Etiology and pathogenesis of uterine leiomyomas: A review

Comparative Pathobiology Group, Laboratory of Experimental Pathology, National Institute of Environmental Health Sciences, Research Triangle Park, North Carolina, USA.
Environmental Health Perspectives (Impact Factor: 7.03). 07/2003; 111(8):1037-54. DOI: 10.1289/ehp.5787
Source: PubMed

ABSTRACT Uterine leiomyomas, or fibroids, represent a major public health problem. It is believed that these tumors develop in the majority of American women and become symptomatic in one-third of these women. They are the most frequent indication for hysterectomy in the United States. Although the initiator or initiators of fibroids are unknown, several predisposing factors have been identified, including age (late reproductive years), African-American ethnicity, nulliparity, and obesity. Nonrandom cytogenetic abnormalities have been found in about 40% of tumors examined. Estrogen and progesterone are recognized as promoters of tumor growth, and the potential role of environmental estrogens has only recently been explored.
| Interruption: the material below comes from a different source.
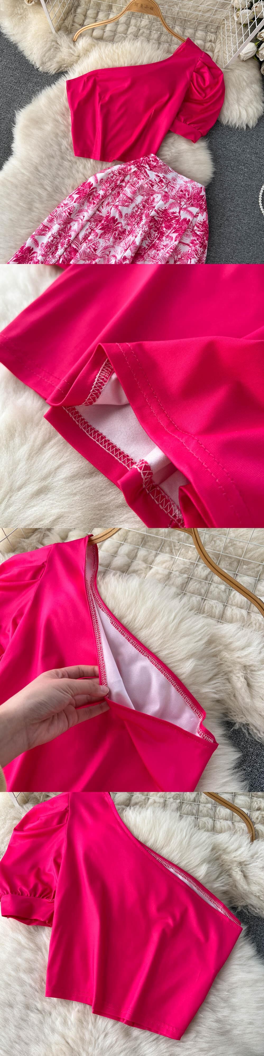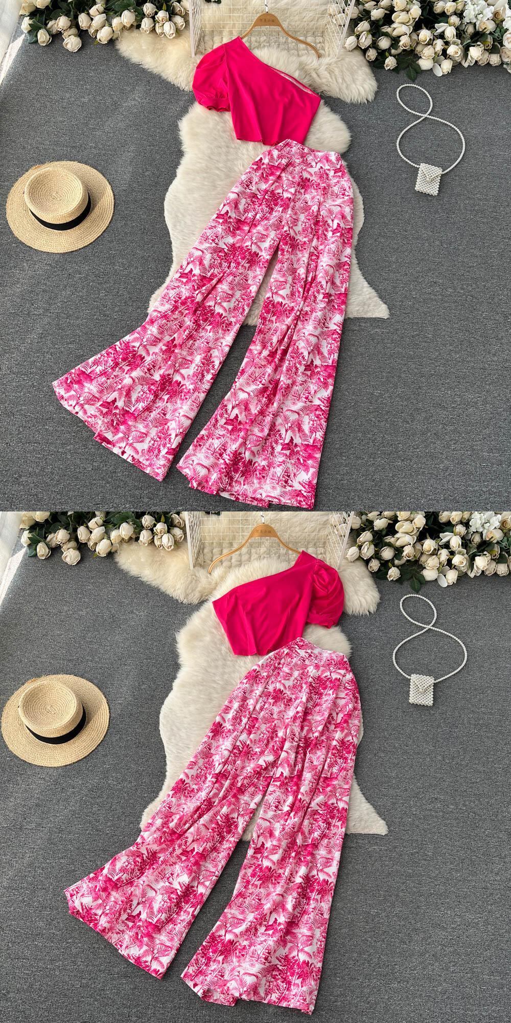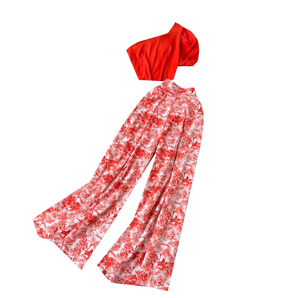 春夏セクシースーツレディース斜め肩チューブトップショートトップ+ドレープ花柄ワイドパンツ2点セット スプリング 春物 サマー 夏物 lyxaj52732999775

Growth factors with mitogenic activity, such as transforming growth factor- (subscript)3(/subscript), basic fibroblast growth factor, epidermal growth factor, and insulin-like growth factor-I, are elevated in fibroids and may be the effectors of estrogen and progesterone promotion. These data offer clues to the etiology and pathogenesis of this common condition, which we have analyzed and summarized in this review.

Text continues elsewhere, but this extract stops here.